TASK TO CARRY OUT:
Exclude every picture. Output verbatim the lines from the one containing "Multi-agent reinforcement learning" to the end of the data.

EXTRACTED DATA:
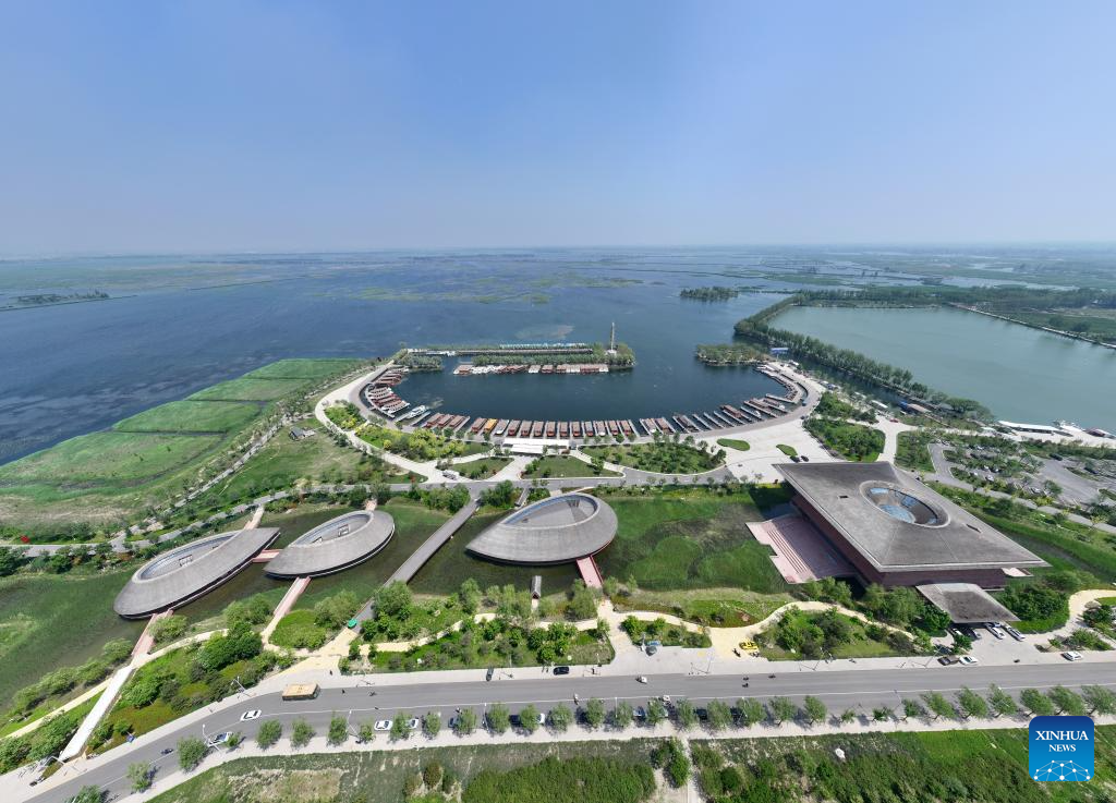 An aerial drone photo taken on May 8, 2024 shows a view of Baiyangdian tourism wharf in Xiong'an New Area, north China's Hebei Province. China's South-to-North Water Diversion Project has three routes. The middle route, which is the most prominent one, begins at the Danjiangkou Reservoir in central China's Hubei Province and runs through Henan and Hebei before reaching Beijing and Tianjin.
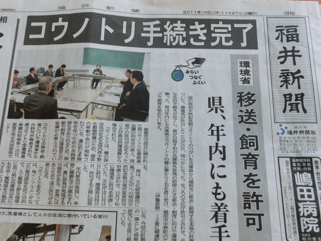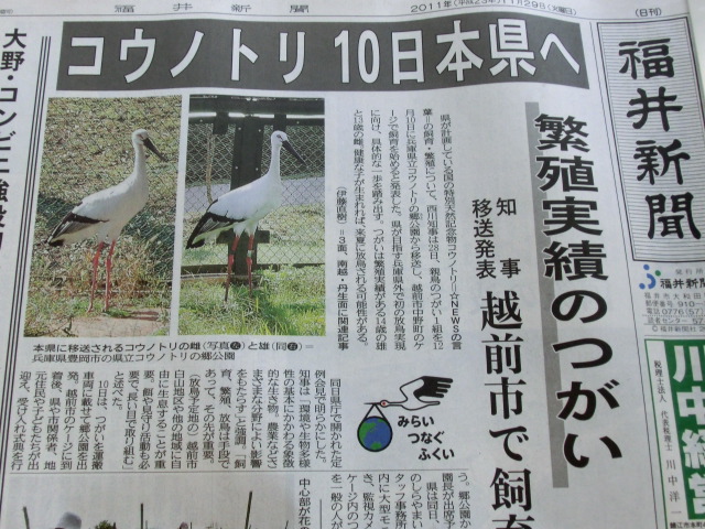 「福井新聞 コウノトリ」と検索すると・・・・・
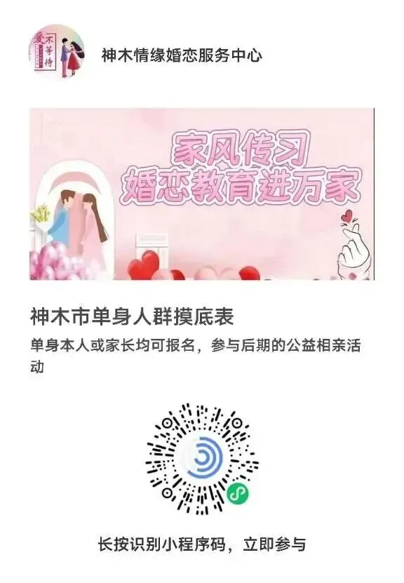 本项目是响应国家号召、深化家庭文明建设的重要举措。单身朋友及家长可扫下方二维码报名参与后期的系列活动:本活动是纯公益项目,意在传承优良家风、树立理性婚恋观、为广大家长及单身青年搭建一个安心、放心、靠谱的交流平台。
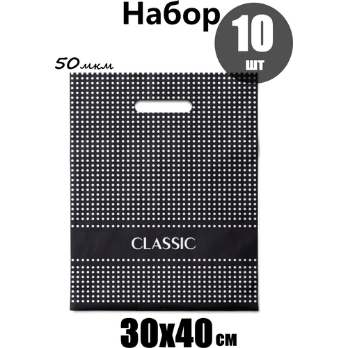 Пакет полиэтиленовый подарочный набор 10 шт 30х40 см / горошек/ унисекс 50 мкм
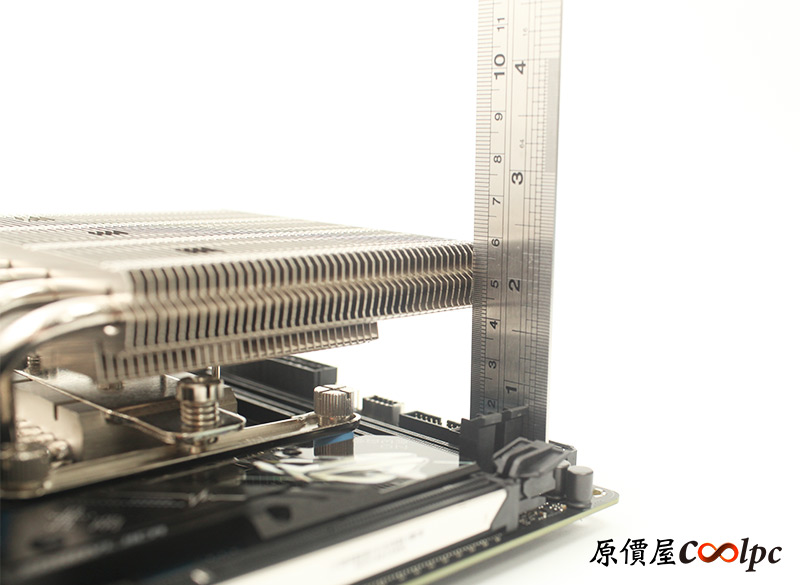 實際組裝就有很多可以變化了,像是改變安裝方向就能產生不同結果,這邊使用ATX尺寸主機板並按照說明書中的方式安裝。可以看出散熱器本體已經在記憶體上空,基本上會蓋過前三個DIMM,最後一個則較不影響,所以這樣安裝在選配零件時得盡量挑較低矮甚至無散熱片的記憶體比較保險。
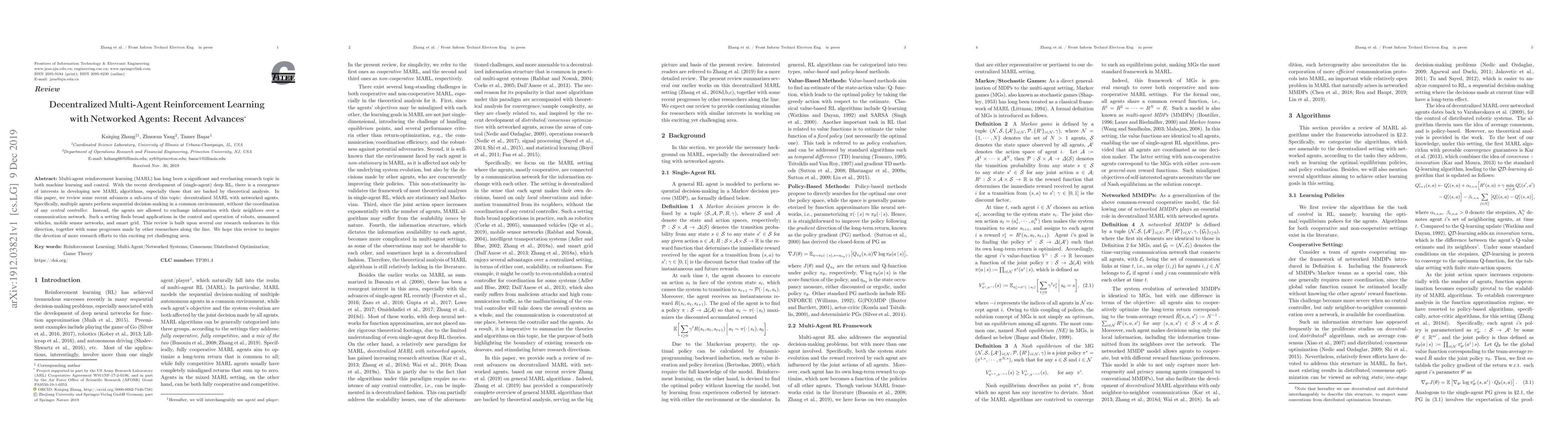 Multi-agent reinforcement learning (MARL) has long been a significant and everlasting research topic in both machine learning and control. With the recent development of (single-agent) deep RL, there is a resurgence of interests in developing new MARL algorithms, especially those that are backed by theoretical analysis. In this paper, we review some recent advances a sub-area of this topic: decentralized MARL with networked agents. Specifically, multiple agents perform sequential decision-making in a common environment, without the coordination of any central controller. Instead, the agents are allowed to exchange information with their neighbors over a communication network. Such a setting finds broad applications in the control and operation of robots, unmanned vehicles, mobile sensor networks, and smart grid. This review is built upon several our research endeavors in this direction, together with some progresses made by other researchers along the line. We hope this review to inspire the devotion of more research efforts to this exciting yet challenging area.
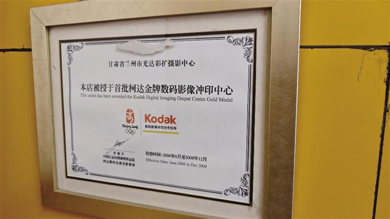 每天清晨,杨焕光都会打开店门,整理柜台,擦拭照相设备,墙面上挂满了大大小小的照片和奖牌,记录下小店经历过的每一个“大事件”,宛如一部“微型影像史”。这家看似寻常的照相馆,曾经通过柯达“世界级品质”认证,获得“西北首家五星级柯达KEX连锁店”的殊荣,时任伊士曼柯达公司全球总裁兼首席执行官邓凯达先生曾专程飞抵兰州,亲自为其揭牌。
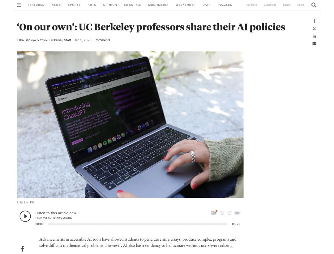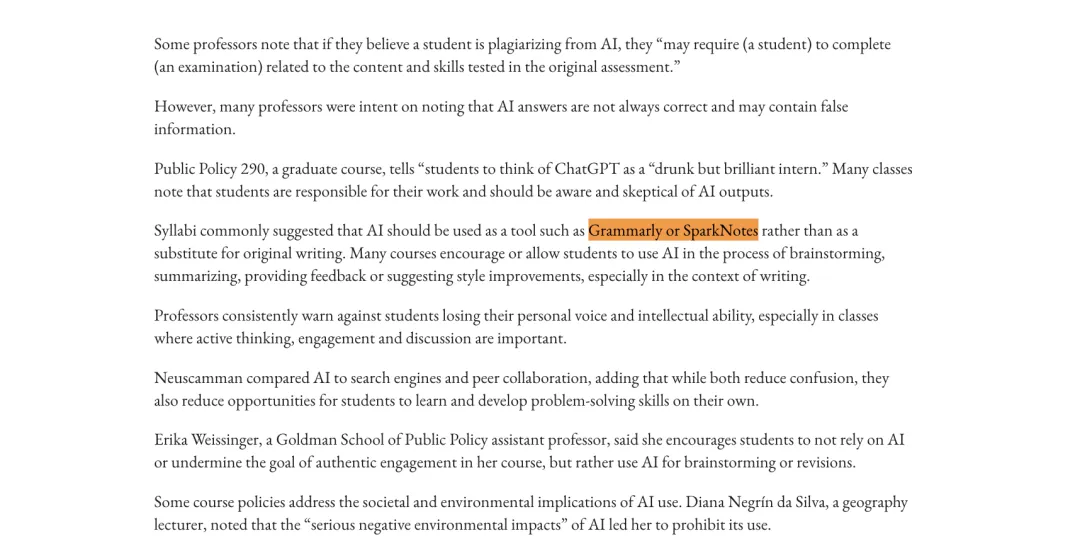 多数伯克利教授在课程大纲中建议学生把AI当成Grammarly或SparkNotes这类辅助工具,只用于头脑风暴、总结信息和修改语法,而不要用它来代替思考。
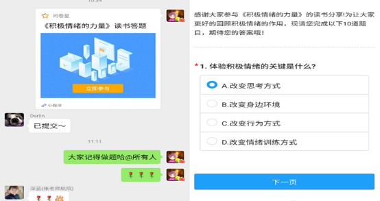 本次“书香马院·共读有我”继续设置了趣味答题环节,由趣味答题负责人韩冬雪老师围绕共享书目《积极情绪的力量》拟定题目,并将试卷发送至yl7703永利微信工作群。yl7703永利全体教师积极参与作答,通过答题加深了对共享书目内容的理解。
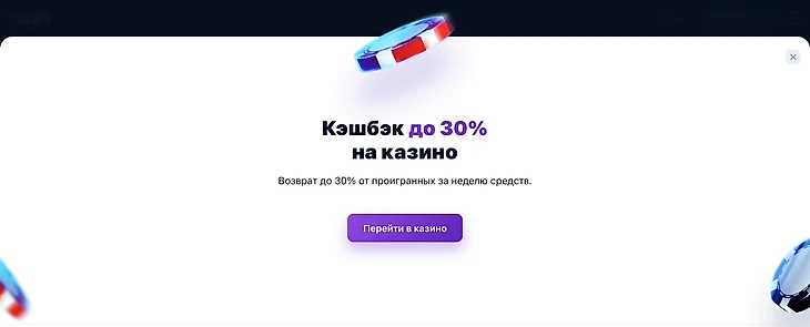 Кэшбэк — возврат до 30% от проигранных за неделю средств.
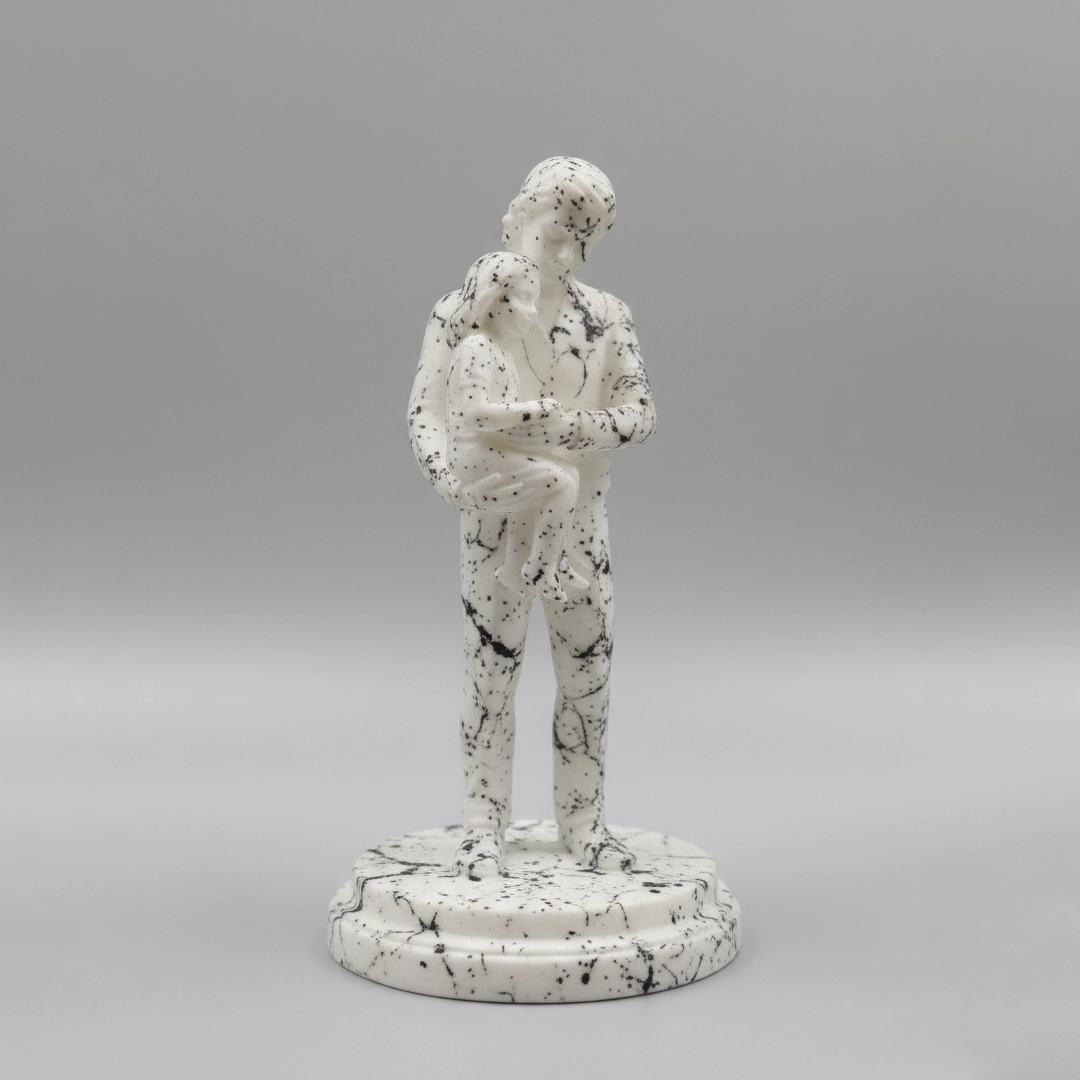 • Acabado Premium Estilo Mármol: Aplicamos manualmente un tratamiento que simula la textura y la elegancia de las estatuas clásicas de mármol blanco, dándole un aire de museo a tu recuerdo.
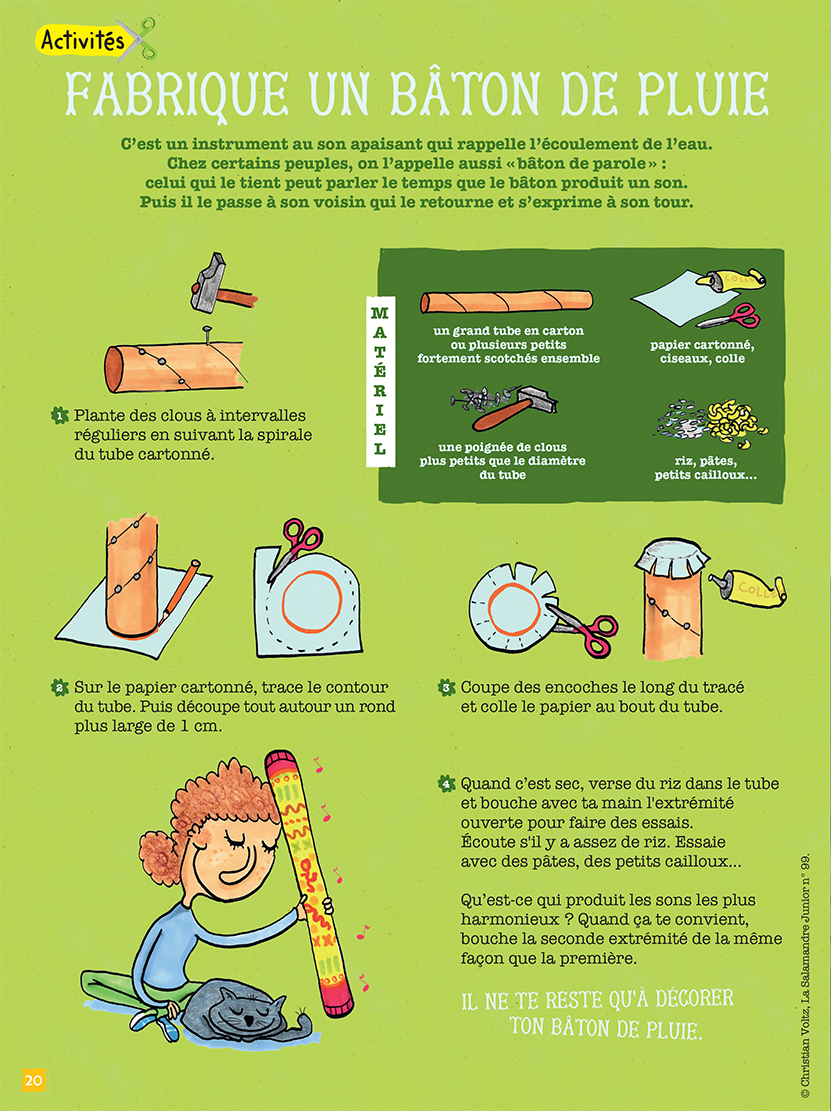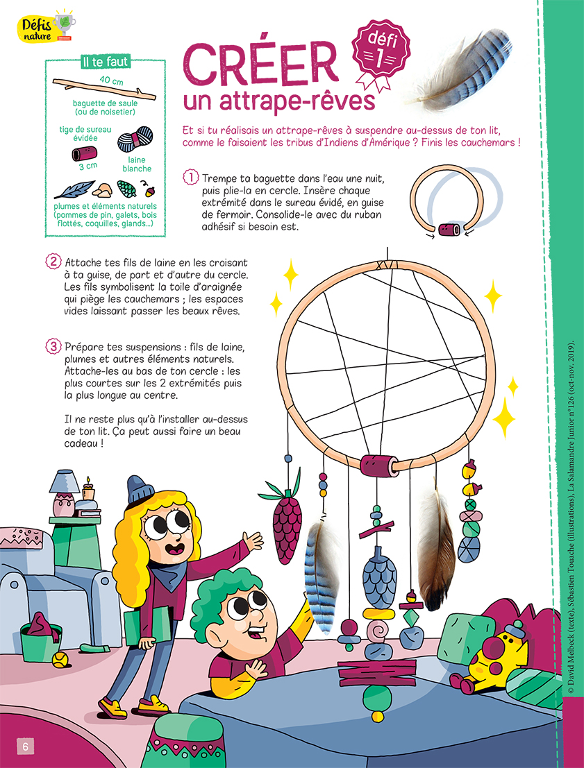 Voici ici plein d'idées de petits bricos simples à réaliser ensemble. Vous voulez profiter du jardin et commencer avec vos enfants un magnifique herbier. Voici ce qu'il vous faut : un brico pour fabriquer un presse-fleur ! Pour les grands enfants qui veulent agrémenter la déco de leur chambre : proposez-leur de tester cet attrape-rêve nature. Et pour les plus petits,la bonne idée, c'est un bâton de pluie !

FINISHED TASK:
 Multi-agent reinforcement learning (MARL) has long been a significant and everlasting research topic in both machine learning and control. With the recent development of (single-agent) deep RL, there is a resurgence of interests in developing new MARL algorithms, especially those that are backed by theoretical analysis. In this paper, we review some recent advances a sub-area of this topic: decentralized MARL with networked agents. Specifically, multiple agents perform sequential decision-making in a common environment, without the coordination of any central controller. Instead, the agents are allowed to exchange information with their neighbors over a communication network. Such a setting finds broad applications in the control and operation of robots, unmanned vehicles, mobile sensor networks, and smart grid. This review is built upon several our research endeavors in this direction, together with some progresses made by other researchers along the line. We hope this review to inspire the devotion of more research efforts to this exciting yet challenging area.
 每天清晨,杨焕光都会打开店门,整理柜台,擦拭照相设备,墙面上挂满了大大小小的照片和奖牌,记录下小店经历过的每一个“大事件”,宛如一部“微型影像史”。这家看似寻常的照相馆,曾经通过柯达“世界级品质”认证,获得“西北首家五星级柯达KEX连锁店”的殊荣,时任伊士曼柯达公司全球总裁兼首席执行官邓凯达先生曾专程飞抵兰州,亲自为其揭牌。
 多数伯克利教授在课程大纲中建议学生把AI当成Grammarly或SparkNotes这类辅助工具,只用于头脑风暴、总结信息和修改语法,而不要用它来代替思考。
 本次“书香马院·共读有我”继续设置了趣味答题环节,由趣味答题负责人韩冬雪老师围绕共享书目《积极情绪的力量》拟定题目,并将试卷发送至yl7703永利微信工作群。yl7703永利全体教师积极参与作答,通过答题加深了对共享书目内容的理解。
 Кэшбэк — возврат до 30% от проигранных за неделю средств.
 • Acabado Premium Estilo Mármol: Aplicamos manualmente un tratamiento que simula la textura y la elegancia de las estatuas clásicas de mármol blanco, dándole un aire de museo a tu recuerdo.
 Voici ici plein d'idées de petits bricos simples à réaliser ensemble. Vous voulez profiter du jardin et commencer avec vos enfants un magnifique herbier. Voici ce qu'il vous faut : un brico pour fabriquer un presse-fleur ! Pour les grands enfants qui veulent agrémenter la déco de leur chambre : proposez-leur de tester cet attrape-rêve nature. Et pour les plus petits,la bonne idée, c'est un bâton de pluie !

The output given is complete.